I downloaded the latest check out of PostgreSQL 8.3 (not even beta yet) just to see how things are progressing. Of particular interest to me was a recent conversation about sequential scans I had with Jeff Davis. In short, in 8.3 sequential scans should be faster.
I decided to test the theory. Using the exact same machine, and an optimized 8.1.8 installation, I compared 8.1.8 versus a out of the box unconfigured (except for the tcpip port change) 8.3.
First step, create table and populate on both 8.1.8 and 8.3dev.
CREATE TABLE seqtest (test integer); INSERT INTO seqtest (test) VALUES (generate_series(1,1000000));Next step execute a guaranteed sequential scan query on 8.3dev.
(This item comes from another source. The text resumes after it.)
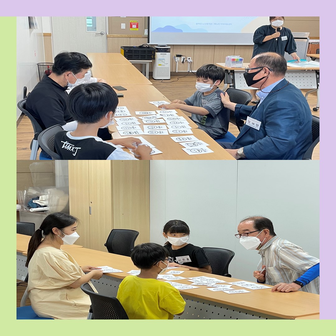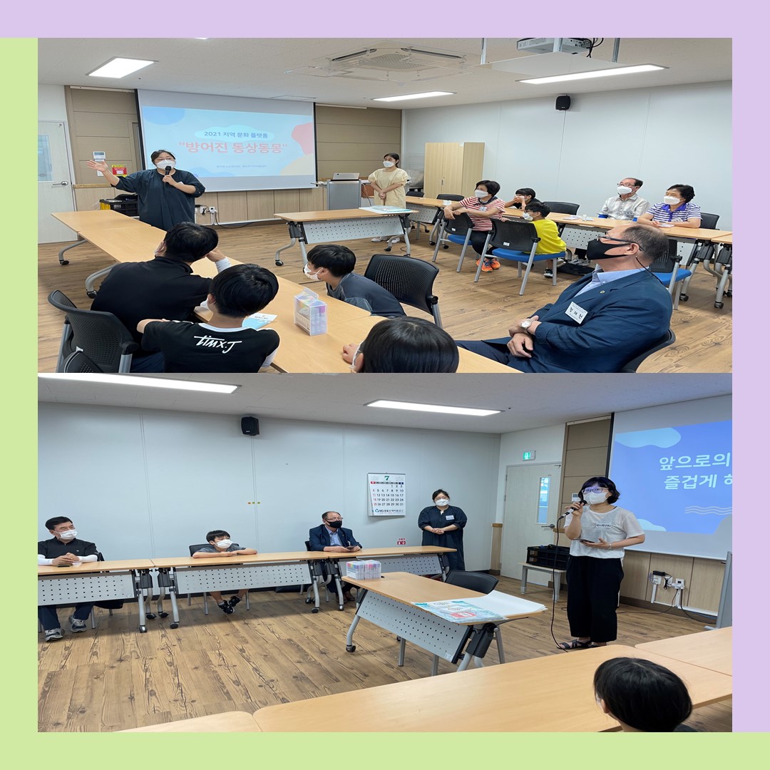 Çѱ¹³ëÀÎÁ¾ÇÕº¹Áö°üÇùȸ, Çѱ¹¹®È¿¹¼ú±³À°ÁøÈï¿ø, ¹®ÈüÀ°°ü±¤ºÎ Áö¿øÀ¸·Î ÁøÇàµÇ´Â 2021 Áö¿ª ¹®È Ç÷§Æû '1,3¼¼´ë ¿ì¸® µ¿³× ¹®È ¼ÒÅë ¹× °ø°¨ ÇÁ·ÎÁ§Æ® - ¹æ¾îÁø µ¿»óµ¿¸ù' ¾î¸£½Å°ú ¾ÆÀ̵éÀÌ Ã¹ ¸¸³²À» °¡Á³½À´Ï´Ù. óÀ½¿¡´Â »ì¦ ¾î»öÇÑ ºÐÀ§±â°¡ ÀÖ¾úÁö¸¸, ¼·Î¸¦ ¼Ò°³ÇÏ°í ¾Ë¾Æº¸´Â ½Ã°£À» °¡Áö¸ç ¾î»öÇß´ø ºÐÀ§±â°¡ ÇÏÇÏȣȣ Áñ°Å¿î ºÐÀ§±â·Î ¹Ù²î¾î ȱâ¾Ö¾ÖÇÏ°Ô È°µ¿ÀÌ ÁøÇàµÇ¾ú½À´Ï´Ù. Ȱµ¿À» ¸¶Ä¡°í º¹Áö°ü¿¡ ¾ÆÀ̵éÀÌ Ã£¾Æ¿À´Ï ÇÑ°á ´õ ¹à¾ÆÁö´Â °Í °°´Ù´Â ¾î¸£½Å°ú ÇÒ¸Ó´Ï, ÇҾƹöÁö¿Í ÇÔ²²ÇÏ´Ï ¸¶³É Áñ°Å¿ü´Ù´Â ¾ÆÀ̵éÀÇ À̾߱Ⱑ ÀÖ¾ú½À´Ï´Ù~ ¾ÕÀ¸·Î ¾î¸£½Å°ú ¾ÆÀ̵éÀÌ ¼·Î ¾Ë°í ÀÖ´Â ¹æ¾îÁøÀÇ ¹®ÈµéÀ» ÇÔ²² °øÀ¯ÇÏ°í °æÇè, ÆîÃ帴 °úÁ¤µé¿¡ ´ëÇØ ¸¹Àº °ü½É ºÎʵ右´Ï´Ù^^

EXPLAIN ANALYZE SELECT COUNT(*) FROM seqtest;
QUERY PLAN ------------------------------------------------------------------------------------------------------------------------- Aggregate (cost=16905.05..16905.06 rows=1 width=0) (actual time=4633.981..4633.984 rows=1 loops=1) -> Seq Scan on seqtest (cost=0.00..14405.24 rows=999924 width=0) (actual time=0.363..2317.909 rows=1000000 loops=1) Total runtime: 4634.037 msI ran the above EXPLAIN ANALYZE on 8.3dev five times, all with extremely similar results. In fact the variance was only about 70 milliseconds one way or the other. Then I performed the exact same query on 8.1.9, five times.
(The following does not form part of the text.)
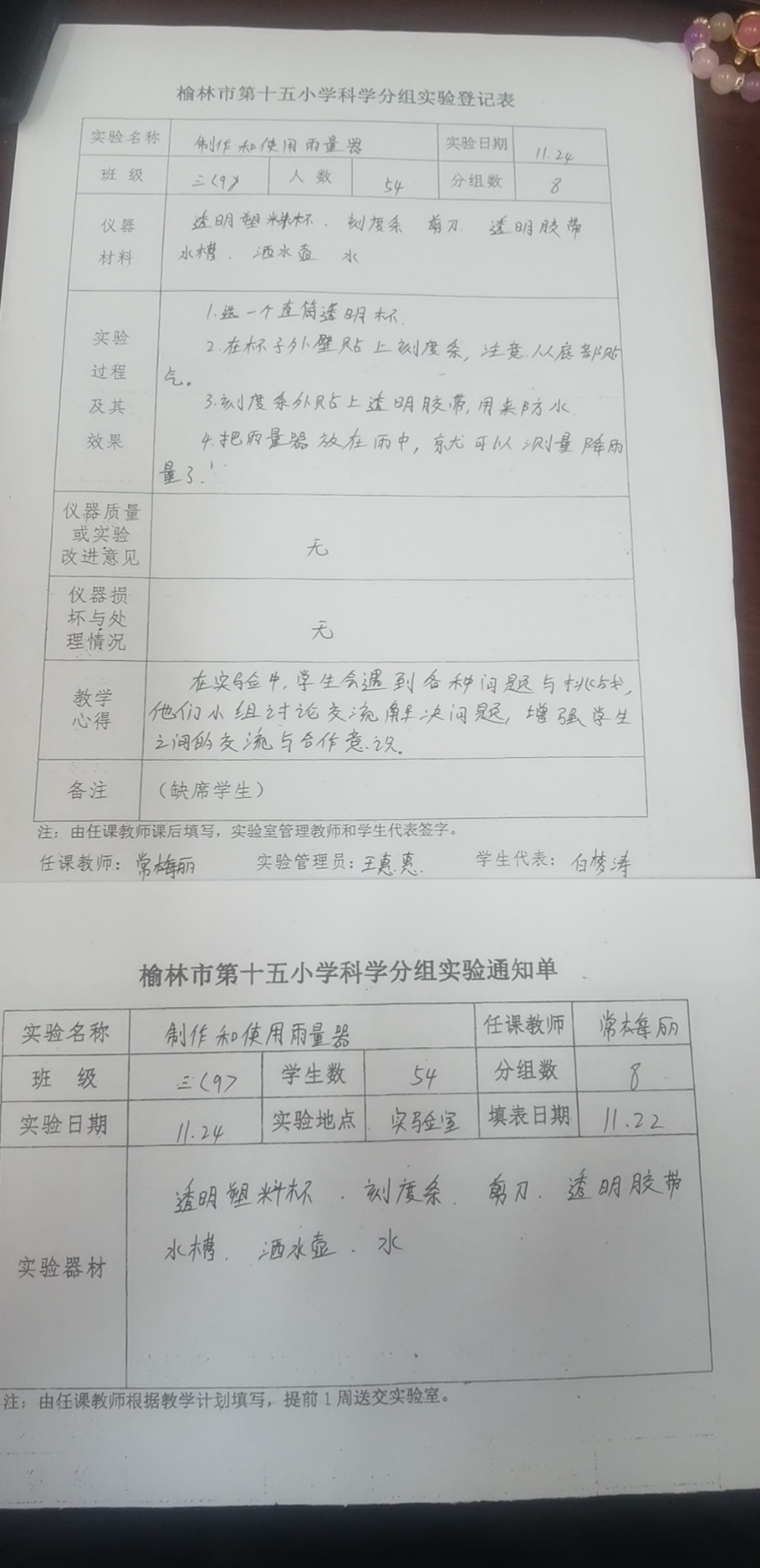 实验登记表

QUERY PLAN ------------------------------------------------------------------------------------------------------------------------- Aggregate (cost=17904.90..17904.91 rows=1 width=0) (actual time=4905.377..4905.379 rows=1 loops=1) -> Seq Scan on seqtest (cost=0.00..15405.12 rows=999912 width=0) (actual time=0.025..2536.639 rows=1000000 loops=1) Total runtime: 4905.515 msAgain the numbers were consistent across five runs. This is great news. O.k. 300 milliseconds isn't alot... Actually yes it is, that is almost a third of full second, now think about it over 10 million rows. I also ran the same test against SELECT sum() and got similar results. 8.3 does indeed appear to be faster than 8.1 for seq scans. Updated: 08/24/07 I now have what I suspect is the reason for the speed up:
seqtest=# select version(),pg_relation_size('seqtest'); -[ RECORD 1 ]----+------------------------------------------------------------------------------------------------ version | PostgreSQL 8.1.8 on x86_64-pc-linux-gnu, compiled by GCC cc (GCC) 4.1.2 (Ubuntu 4.1.2-0ubuntu3) pg_relation_size | 44285952
seqtest=# select version(),pg_relation_size('seqtest'); -[ RECORD 1 ]----+--------------------------------------------------------------------------------------------------------- version | PostgreSQL 8.3devel on x86_64-unknown-linux-gnu, compiled by GCC gcc (GCC) 4.1.2 (Ubuntu 4.1.2-0ubuntu4) pg_relation_size | 36093952You will note that 8.3 is approximately 19% smaller for the same data set. In 8.3 the hackers were able to reduce the size of the row header. Amazing what the little things can do.